For a tech nerd like myself, the whole His Brain as Hard Drive type thing really gets me moist. Also, I feel sort of happy that I was correct when I predicted that the dude would reinstall Tony Stark onto his mushy headguts after he was done formatting. Question though: Why the fuck would they reboot his mind, if the secrets he was trying to keep from Norman will just be restored? Or perhaps it’ll be an older image of his brain, prior to the secrets or something? And if so, is that really Tony Stark, or is it as good ole Locke would say, another entity removed from the prior string of consciousness?
See, I’m already wet.
Also, it’s nice to see the Marvel Universe finally being pulled back together. There’s been like two years since Tony Stark and Captain America were no only BFFs, so the concept of them all coming together again to beat-on some Norman Osborn ass is exciting. Maybe then we won’t have another fifteen years of Dark Reign, and they can usher us onto some other storyline.
Modern Warfare 2 Ghost #2
If you’re like me, you didn’t know that Modern Warfare 2 had a comic book. And that makes sense, since if you’re like me, you’ve been too busy getting fucking owned by thirteen year-old kids in said video game. Seriously, there’s nothing more demoralizing than hearing a barely pubescent little kid shit talk me, and I can’t say anything, since he’s killed me fifteen times in a round. God dammit.

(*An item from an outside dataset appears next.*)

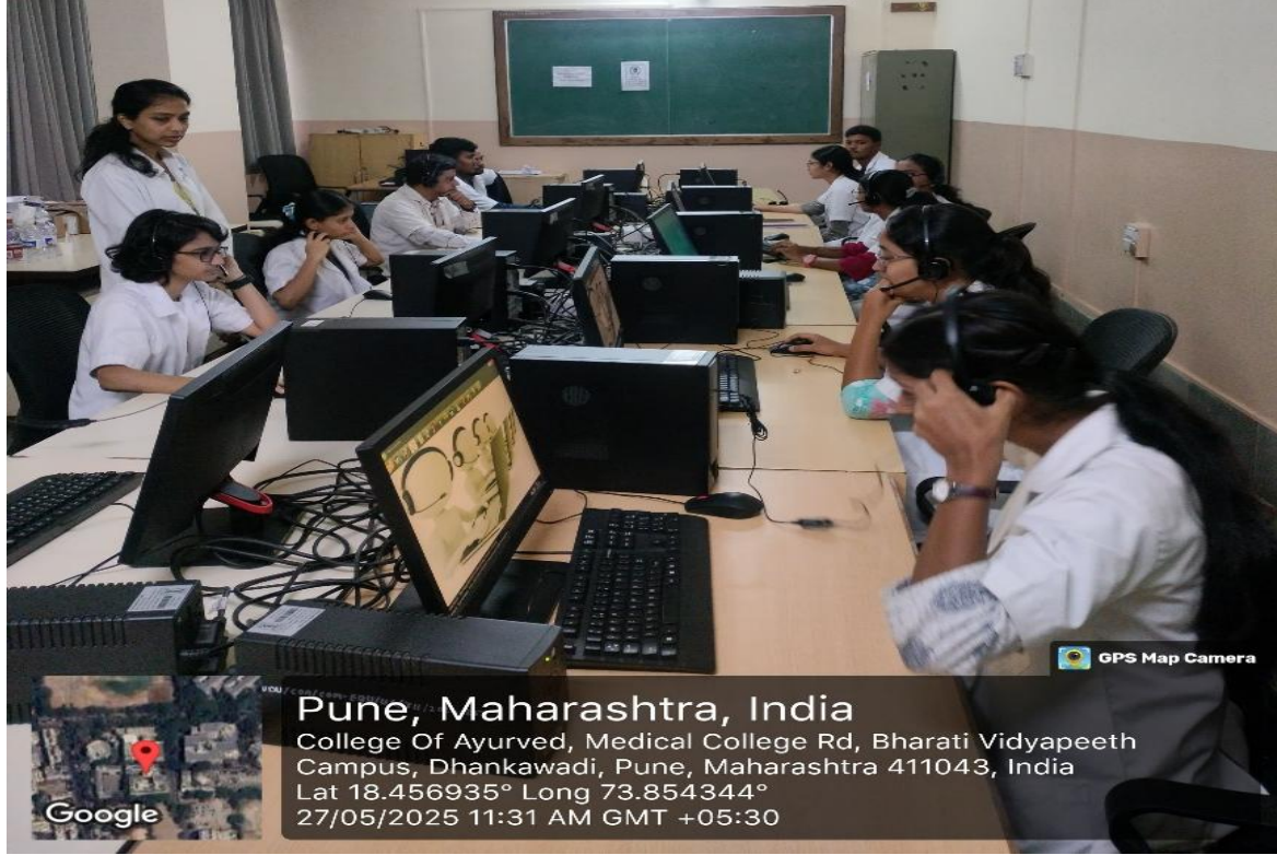
Sanskrit Language Lab

I’m simultaneously surprised and not surprised that there’s a comic book for MW2, especially for Ghost. Ghost is like the Boba Fett of MW2, he’s quiet, barely around, and he kicks a shitload of ass. Plus, he’s got a skull on his face, and those thirteen year-old kids I fucking despise probably want to grow up to be him.
But at the same time, the plot to MW2 was pretty much a rejected 24 plot. Don’t throw tomatoes at me, I’m just saying. And that’s cool, because who the fuck plays the game for the single-player campaign, let alone story?
I predict a thousand bullets and lots of violence in this comic book, and at least fourteen nerds orgasming per comic book store.